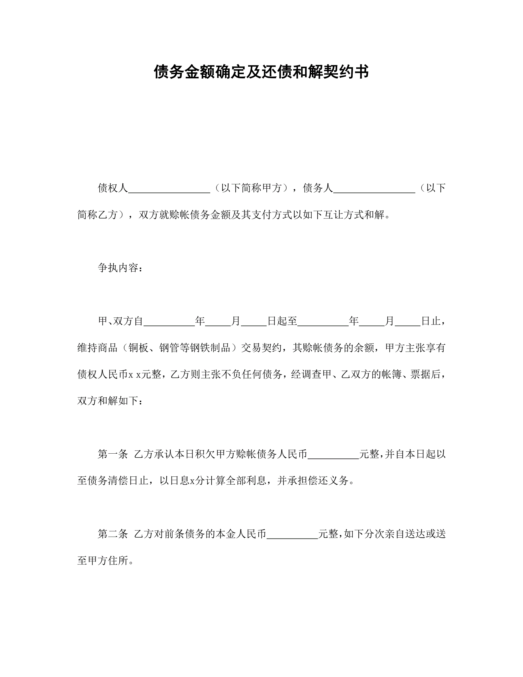 >债务金额确定及还债和解契约书
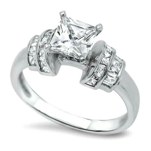 2Ct Princess Cut Diamond Unique Solitaire Engagement Ring 14K White Gold Finish
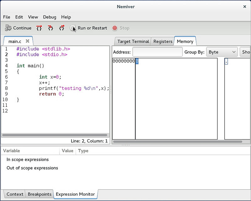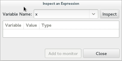 你也可以通过追踪来查看一个变量。在“Debug”中,你可以用一个表达式的名字来检查它的值,然后也可以通过将其添加到列表中以方便访问。这可能是最有用的一个功能,虽然我从未有兴趣将鼠标悬停在一个变量来获取它的值。值得注意的是,虽然鼠标悬停可以取到值,如果想要让它更好地工作,Nemiver是可以看到结构并给出所有成员的变量的赋值。
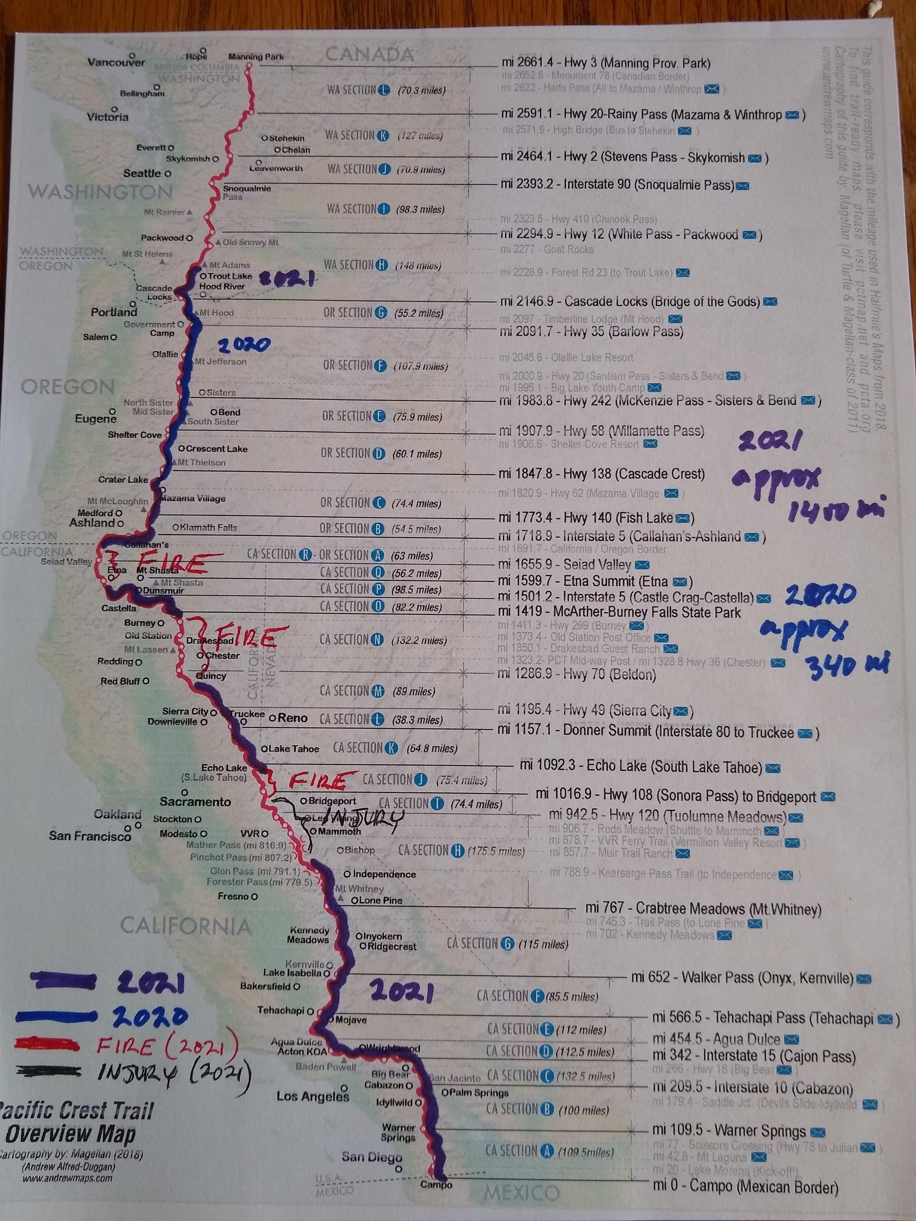 From April 29th to Sept. 2nd, 2021 the PCT was once again our fall-back plan (the original plan for a sabbatical in the UK having been high jacked by, yep, COVID) and we hiked most of California (from Campo, at the Mexican border) to the Oregon border, then from the Oregon border to Crater Lake, then from the Washington border to Trout Lake/Forest Road 23.
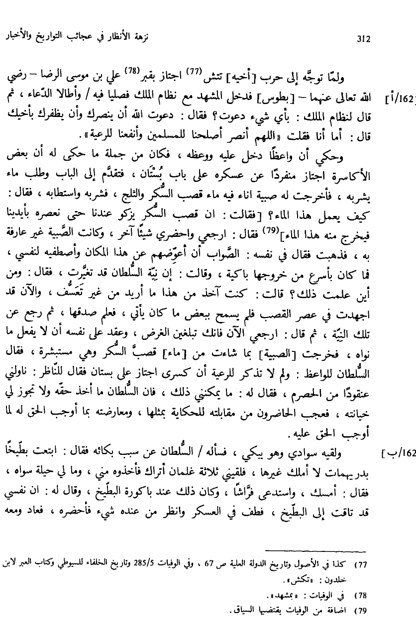ولقيه سوادي وهو يبكي، فسأله / السّلطان عن سبب بكائه فقال: ابتعت بطّيخا بدريهمات لا أملك غيرها، فلقيني ثلاثة غلمان أتراك فأخذوه مني، وما لي حيلة سواه، فقال: أمسك، واستدعى فرّاشا، وكان ذلك عند باكورة البطّيخ، وقال له: ان نفسي قد تاقت إلى البطّيخ، فطف في العسكر وانظر من عنده شيء فأحضره، فعاد ومعه
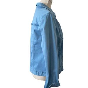 Sky Blue Chico’s Denim Jacket with Fraying Boho Chic Festival StyleSize S
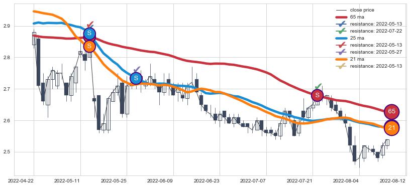 下跌趋势2022-04-22-2022-08-12,均线65, 21, 25确认关键阻力3处
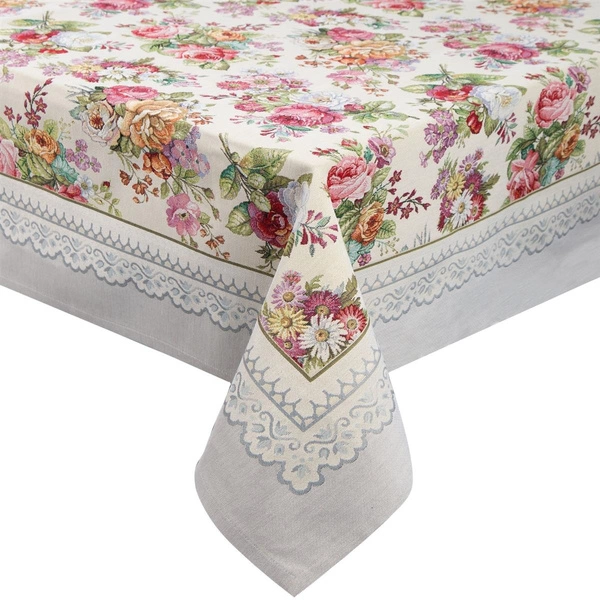 It is made of thick fabric, decorated with embroidered, colorful flowers and leaves. In addition, the piping features a lace motif. Any room using this tablecloth will acquire a unique atmosphere.
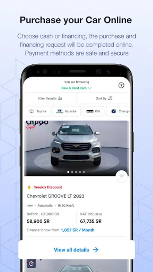 Shop by Motory application allows you to buy a used or new car online from anywhere in Saudi Arabia, as it offers a variety of services and advantages, including:

+++++

In the listing above, find the line with "2Ct Princess Cut" and the line with "你也可以通过追踪来查看一个变". Copy exactly those two and every line between, without the pictures.

 2Ct Princess Cut Diamond Unique Solitaire Engagement Ring 14K White Gold Finish
 你也可以通过追踪来查看一个变量。在“Debug”中,你可以用一个表达式的名字来检查它的值,然后也可以通过将其添加到列表中以方便访问。这可能是最有用的一个功能,虽然我从未有兴趣将鼠标悬停在一个变量来获取它的值。值得注意的是,虽然鼠标悬停可以取到值,如果想要让它更好地工作,Nemiver是可以看到结构并给出所有成员的变量的赋值。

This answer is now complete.